New book examines region’s roots in bluegrass history

Bluegrass is often thought of as mountain music. While its roots are in Appalachia, a super-charged, urban strain of the American roots music was developed by southern transplants in northern cities like Baltimore and Dayton. The genre’s regional history is the focus of “Industrial Strength Bluegrass: Southwestern Ohio’s Musical Legacy.”

The book, published on Jan. 25 by the University of Illinois Press, was edited by Fred Bartenstein and Curtis W. Ellison. Contributors include Phillip J. Obermiller, Lily Isaacs and Daniel Mullins. The chapters are dedicated to topics such as the Appalachian migration into the urban centers of southwestern Ohio, the importance of regional radio stations and the distinctive qualities of Ohio bluegrass.

“Most of the bluegrass world today celebrates Baltimore-Washington as the capitol of bluegrass,” Bartenstein said recently, speaking over the telephone from his home in Yellow Springs. “They are the other poles of urban bluegrass where the sound really came together but Cincinnati-Dayton was first. Our work establishes the important and prior role of southwestern Ohio.

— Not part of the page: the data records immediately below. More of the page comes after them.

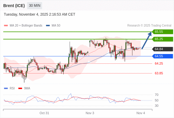 在 64.55 之上,看涨,目标价位为 65.25 ,然后为 65.55 。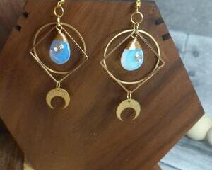 Geometric Moon Phases Brass Hypoallergenic Earrings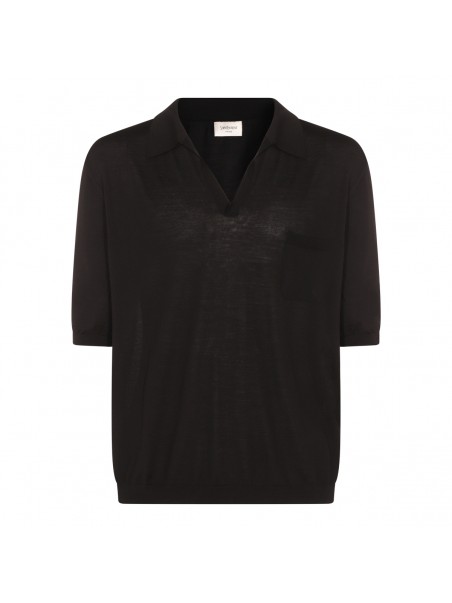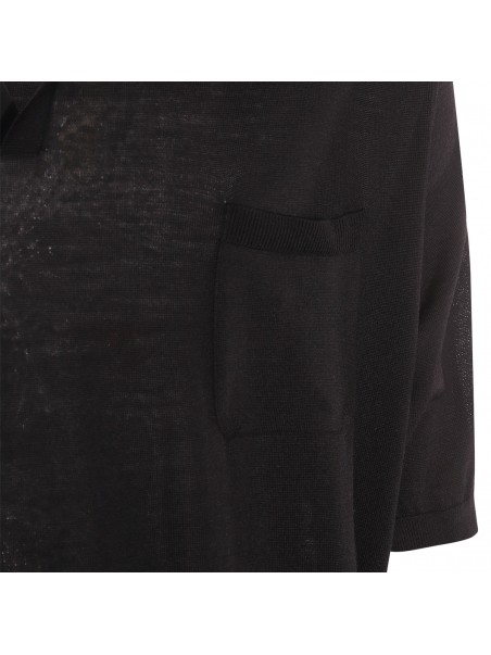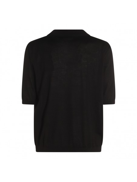 Black wool polo shirt from Saint Laurent featuring short sleeves, polo shirt collar, ribbed hem and soft vestibility.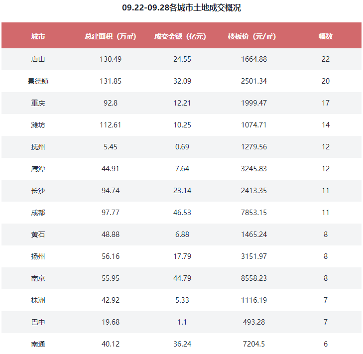 2025年全国房地产工程数据(09.22-09.28)周报|房企拿地篇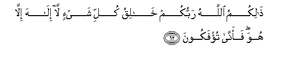62. Huyo ndiye Mwenyezi Mungu Mola wenu Mlezi, Muumba wa kila kitu.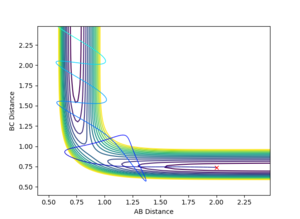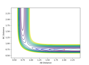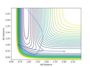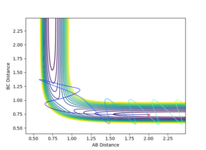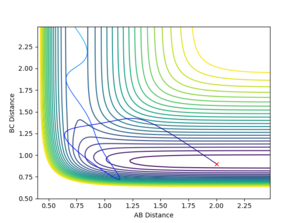 It can be seen from the Internuclear Distance vs Time graph that at 0.908 a.u for AB and AC there is no oscillation, which means we are on a point of 0 gradient on the potential energy surface, which is the TS saddle point.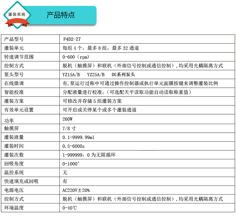 此灌裝系統(tǒng)由4通道組成,通道數(shù)量可定制,大可擴(kuò)展至32通道;可安裝YZ15、YZ25泵頭、DG泵頭;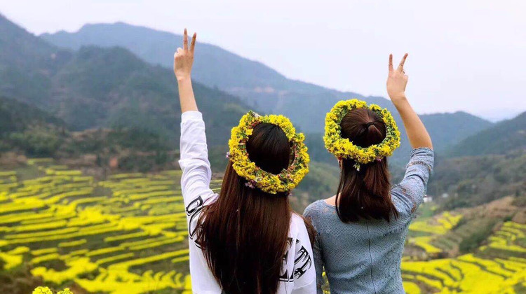 阳春三月,婺源篁岭景区数万亩层层叠叠的梯田上油菜花盛开,粉红的桃花、雪白的梨花点缀其中,是一副优美的水墨油画,在这里,你可以与大自然融为一体,与花海亲密接触。

“Certainly, ‘Industrial Strength Bluegrass’ is a lot heavier researched and more comprehensive than the books on bluegrass in Baltimore and Washington,” he continued. “We had multiple authors and spent a whole lot of time with the fact checking and the coordination of it all. I’m convinced we’ve told the definitive story of what this region has done.”


Bartenstein, who was born in Virginia, grew up on the East Coast. He moved to the Miami Valley in 1975 because he loved the bluegrass being generated in this region. He is not only a musician, longtime record collector and self-professed amateur scholar of music history, but has also been a festival director, concert emcee, disc jockey, author, editor and overall champion of bluegrass music. Bartenstein is the current president of the International Bluegrass Music Association Foundation and teaches country and bluegrass history at the University of Dayton. With that background, it’s no surprise he co-edited the definitive book on the subject.

“I’d like people to know about it artistically,” Bartenstein said. “I’d like the people who are interested in Dayton to know that among the amazing facts about the city is that it was the hotbed in which bluegrass developed from a primitive form into essentially its modern form. I’d also like the Appalachian aspect of it to receive respect.

“There is this belief that Appalachian migrants are somehow less worthy, less capable and less accomplished,” he continued. “When something great comes out of the huge Appalachian population in our region, it’s either a surprise or people tend to diminish it. There was a time, and thank God it has long passed, when there was open, active prejudice against the quote, ‘hillbillies.’ Now, in 2021, that legacy is almost forgotten.”


“Industrial Strength Bluegrass” champions that Appalachian heritage by stressing the influence the southern migration into northern metropolitan cities had not just on the music but also on broader culture.

“It was important to establish the great migration because if you don’t understand that, it’s really hard to understand why bluegrass would prosper and develop in this region,” Bartenstein said. “There was this huge migration of people from the south, both black and white, and Dayton was a major recipient community of all this energy. All of these folks are by definition entrepreneurial because they can pick up and leave to find a new life, a better life, in the north.

“They’ve already sorted themselves out to be the most outgoing, the most progressive, the most ambitious,” Bartenstein continued. “So, when they get together and you get a critical mass in an urban area as big as Cincinnati, Hamilton, Middletown, Dayton and Springfield, there is no place in Appalachia that is that big.”


Bartenstein co-edited the book with Ellison, a retired professor at Miami University. It was Ellison’s suggestion to base the chapters in “Industrial Strength Bluegrass” on a series of commissioned public lectures from musicians, scholars, journalists and historians.

“Together, the different lectures tell the story of this rich musical history,” Bartenstein said. “The modern public in the area knows the Cincinnati-Dayton region was the capitol of funk, but I don’t think the role of bluegrass is as well known. Now, with this book, we’re going to be putting this piece of history back out about how Dayton and the 50-mile radius around here was a major contributor to important American roots music forms.

“I’m completely convinced classic bluegrass music is still going to be respected and appreciated 1,000 years from now,” Bartenstein added. “It’s not fair to say the quality is equal to Bach, Mozart and Beethoven, but it will be in that collection of the high points in musical culture from the world. No matter what the market is for bluegrass in 2021, it is ultimately very significant. I devoted four years of my life to fooling with this book because I’m convinced bluegrass music from this region is of great consequence.”

Royalties from “Industrial Strength Bluegrass” will be donated to the Southwestern Ohio Bluegrass Music Heritage Archive located at the Smith Library of Regional History in Oxford.